At this time, there isn’t any tooling that makes it possible to send jobs to AWS via the future package from within SageMaker.

Is interoperability the same with SageMaker Studio as well? If yes, are there any further benefits when it comes to editor selection that we can opt for?

Interoperability between SageMaker Studio and RStudio is achieved through the attached EFS storage. Each user has their own EFS storage that is common and persistent across IDEs. This means that a user may start working on a project using R on RStudio to analyze the data and then switch to SageMaker Studio to use Tensorflow in Python to build their deep learning model. Additionally, interoperability from within RStudio can be accomplished using the reticulate R package to interact with both R and Python.

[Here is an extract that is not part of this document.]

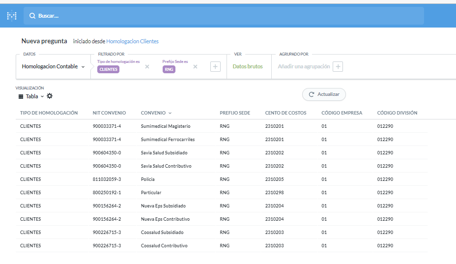 1. Se ingresa al METABASE de la sede de Prodiagnostico en el siguiente link pueden validar cuales son los centros de costos configurados.

How does SageMaker help put machine learning (ML) solutions designed with R into production? Is there any specific ML package that SageMaker can deal with (e.g., tidymodels, caret)?

James Blair: When you interact directly with SageMaker, most of the functionality is going to come through that SageMaker Python SDK. Like in the demo, we used reticulate, brought that module in, and then we applied methods and functions from that module to manipulate, train, and deploy a model.

One of the underlying components of that is the fact that the whole process — the model training, tuning, deployment processes — are all actually happening in Python while being managed from R with reticulate. The container that we ran in the demo was running XGBoost and interacting with that via Python.

There is support in SageMaker for being able to define custom containers and images for model, training, and deployment where you could define ways to interact with R processes. To my understanding today, there’s not a lot of native R tooling there yet. However, this is something I’d love to see change and am hopeful will change over time as this partnership continues to grow.

Michael Hsieh: I’d like to add on to that SageMaker’s managed training and processing that you can access with SageMaker SDK is built with container technology. That means that you can bring in a container that has your package dependency to run it on SageMaker’s managed infrastructure. You can put your tidymodels or caret libraries into a container and start your training. You can also host your models built natively within RStudio into SageMaker and do all the ML Ops, along with SageMaker using the SageMaker SDK within your R environment. We do have a couple of examples showing how to do so:

Note that the material above uses open-source RStudio. The use of SageMaker SDK with reticulate remains identical in RStudio on Amazon SageMaker.

Infrastructure questions

How large is the automatically mounted home directory? Is it a user-specific or shared directory?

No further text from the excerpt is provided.